Kerst en andere liefdesverhalen is de titel van Kristien Hemmerechts voorlaatste verhalenbundel (1992). Opvallend aan de vorm en inhoud van Hemmerechts' verhalen is de afwezigheid van enige opsmuk of romantisering. Nuchter en scherp zijn deze tien verhalen, die er geen twijfel over doen bestaan dat we de titel van dit boek als een wrange vingerwijzing moeten beschouwen. Typerend, ook voor Hemmerechts' directe beschrijving van seksuele taferelen en gevoelens, is ‘Opgegeild’, waarin een man en een vrouw elkaar hun seksuele fantasieën vertellen. Trouwe lezers van Hemmerechts' werk zullen het tweede woord uit de titel Lang geleden van haar nieuwste verhalenbundel (1994) direct als werkwoord lezen: er wordt niet lang genoten door haar personages. Als voorheen, gaat het in deze twaalf verhalen meest om vrouwen die in complexe emotionele en seksuele verhoudingen verstrikt zijn geraakt. Keer op keer blijkt de liefde geen schim van het ideaalbeeld dat ons wordt voorgeschoteld in films en boeken.

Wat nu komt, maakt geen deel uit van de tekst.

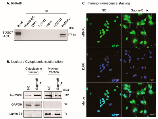 To elucidate how SUGCT-AS1 functions with hnRNPU, we first investigated whether the expression of hnRNPU was altered. However, changes in the mRNA level of hnRNPU were not confirmed in our SUGCT-AS1-depleted RNA-seq data (Figure S17A). Its protein level also did not change in SUGCT-AS1-depleted Western blot analysis (Figure S17B). Previous reports have shown that most hnRNPs are present in the nucleus, but some are known to translocate between the nucleus and the cytoplasm [37,38]. To investigate the role of SUGCT-AS1 on the intracellular distribution of hnRNPU, we fractionated THP-1-derived M0 macrophages treated with GapmeRs into the nucleus and cytoplasm. Strikingly, we confirmed that a large fraction of hnRNPU proteins in the nucleus were translocated to the cytoplasm following SUGCT-AS1 depletion (Figure 6B). In addition, this result was verified through immunofluorescence staining using the hnRNPU antibody (Figure 6C). However, even after GapmeR treatment against SUGCT-AS1, the amount of hnRNPU proteins remaining in the nucleus was high, suggesting that it may also be regulated by factors other than SUGCT-AS1.
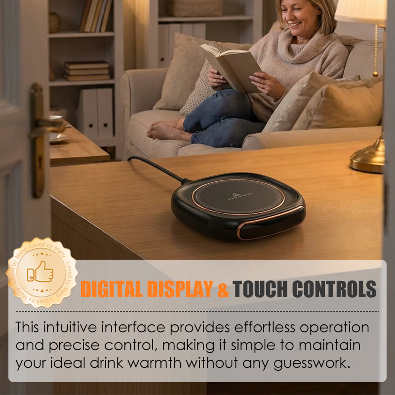 DIGITAL DISPLAY & TOUCH CONTROLS - Easily monitor the current temperature and adjust settings with a simple touch. This intuitive interface provides effortless operation and precise control, making it simple to maintain your ideal drink warmth without any guesswork.

Concluderend zou men kunnen zeggen dat de vroege jaren negentig genoeg aan nieuwe Vlaamse auteurs heeft opgeleverd die de moeite waard zijn, en dan heb ik het hierboven nog slechts gehad over een kleine selectie. Duidelijk moge echter zijn dat de Vlaamse literatuur zich meer en meer loszingt van het air van provincialisme waardoor zij lange tijd omgeven was. Met meer professionelere uitgeverijen zou deze situatie alleen maar kunnen verbeteren.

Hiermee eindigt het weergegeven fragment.